The Bones slider determines the maximum number of bones that can have weight for each vertex. When a vertex has weights for more bones than specified, the lowest weights are removed and distributed to the other bones that have weights.

The Threshold slider sets the threshold below which the weights are removed from a vertex. The removed weights are distributed to the other bones that have weights.

Adjusting these sliders provides a live preview of the result and the number of bones that will be removed is shown.

Multiple meshes can be pruned by using the tree filter to show only meshes, then selecting all the meshes and clicking Prune.

Update bindings

The Update Bindings button rebinds the current vertices to the bones, discarding the old binding positions.

When bones are bound to a mesh, the mesh vertices at that time are stored in relation to each bone. When a bone is moved, the vertices also move to stay in the same position relative to the bone. The bone weights determine how much each bone influences the vertices. For example, if the weight for a bone is 100%, the vertices will move with the bone exactly.

For more Update Bindings examples, see our mesh binding tutorial and rotating diamond tutorial.

If bones have been transformed after being bound to a mesh, adjusting the weights will change the vertex positions. This happens because each bone wants the vertices to be in different positions. Sometimes it is acceptable for the vertices to move when adjusting weights. Other times it is not, and that is when Update Bindings is useful.

Example without update bindings

In this example update bindings is not needed. Adjusting the weights causes the vertices to move, but this acceptable.
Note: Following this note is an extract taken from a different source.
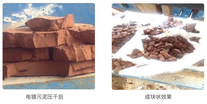 案例分享:某電鍍廠含水率80%污泥,濾餅所受壓力4.0MPa,在原有水處理工藝基礎(chǔ)上未添加任何藥劑的情況下,經(jīng)過壓榨壓榨處理電鍍污泥含水率為45%,污泥粘結(jié)度小易碎裂無需破碎,且污泥脫水時(shí)出水速率較好。

Consider a skeleton with a long tail. The more an image is bent, the more it distorts, so it is best to start with an image near the center of the bending range. A long tail needs to bend a lot in both directions, so it's best to use a long, skinny rectangle, bound to bones and weighted.

However, it may look odd to have the tail perfectly straight in setup mode, so the bones can be rotated so the tail is bent in setup mode.

Since the bones were rotated to bend the tail, the bones transforms have changed since the mesh was bound. Now each bone wants the vertices to be in different positions, so when the weights are adjusted, the vertices move. This is acceptable because adjusting the weights controls how the bent tail deforms and it is not important that this setup pose keep an exact position.

Example with update bindings

In this example update bindings is used to prevent vertices from moving when the weights are adjusted.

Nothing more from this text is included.